I have surveyed some of the economic problems faced by Arab countries here.
What about their Human Rights status?
The Political Terror Scale allocates countries to 5 bands, with 1 being the best performers, and 5 being the worst. African countries are here, and other ME countries here.
From the PTS data, we can rank all Arab countries' Human Rights performance.
The data is derived from reports by Amnesty International and the US State Department. Where they agree, one band is given. Where there is disagreement, the AI figure is given first.
This is what each band represents:
Political Terror Scale Levels
1 : Countries under a secure rule of law, people are not imprisoned for their view, and torture is rare or exceptional. Political murders are extremely rare.
2 : There is a limited amount of imprisonment for nonviolent political activity. However, few persons are affected, torture and beatings are exceptional. Political murder is rare.
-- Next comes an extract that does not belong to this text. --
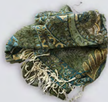
Une étole bariolée turquoise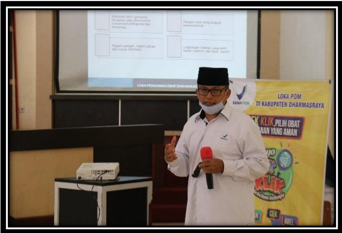
Penyebaran Informasi di Aula Kantor Bupati Kab. Dharmasraya

Dalam rangka memperingati Hari Keamanan Pangan Dunia, dilakukan Penyebaran Informasi dengan tema Keamanan Pangan di Sarana Ritel pada Era New Normal. Kegiatan yang dilakukan pada masa pandemic Covid-19, harus menerapkan protocol kesehatan yaitu menjaga jarak antar peserta, memakai masker dan mencuci tangan. Pada kesempatan ini, Penyebaran Informasi dilakukan di Aula Kantor Bupati Dharmasraya, dengan mengundang pelaku usaha yang memiliki sarana ritel di Kecamatan Pulau Punjung, Kab. Dharmasraya.

3 : There is extensive political imprisonment, or a recent history of such imprisonment. Execution or other political murders and brutality may be common. Unlimited detention, with or without a trial, for political views is accepted.
4 : Civil and political rights violations have expanded to large numbers of the population. Murders, disappearances,and torture are a common part of life. In spite of its generality, on this level terror affects those who interest themselves in politics or ideas.
5 : Terror has expanded to the whole population. The leaders of these societies place no limits on the means or thoroughness with which they pursue personal or ideological goals.
For Arab countries, these are the results for 2009:
Israel Occupied Territories 5
Iraq 5/4
Iran 4
Saudi Arabia 4
Syria 4
Yemen 4
Egypt 4/3
Tunisia 3
Turkey 3/4
Jordan 3
Libya 3
Morocco 3
Algeria 3/2
Bahrain 2/1
Qatar 2/1
UAE 2/1
Oman 1
So, well done to Oman, and the worst human rights offender in the region, according to professional assessments by Amnesty and also by their friends in the US State Department, is - Israel.
Incidentally, the UK finds itself in band 2, worse than Bahrain, Qatar, UAE and Oman, and the USA finds itself unranked by the State Department, and ranked 3 by AI.
The great advantage of these objective measurements is that the status of a country can be measured at a glance, instead of relying either on spin from politicians and the corporate media.
It is Green Party policy that the UN should adopt a scale of this kind, and publish each year an assessment of all the countries in the world. All this needs is development and extension of the UN's Universal Periodic Review.
The UN Global Human Rights Index, when it comes in, will not cure HR abuses at a stroke, but will provide a continuous, universal pressure on all governments to attend more closely to improving their Human Rights performance.
There is another approach to setting out the data, the CIRI Human Rights Data Project, but I find the PTS easier to use.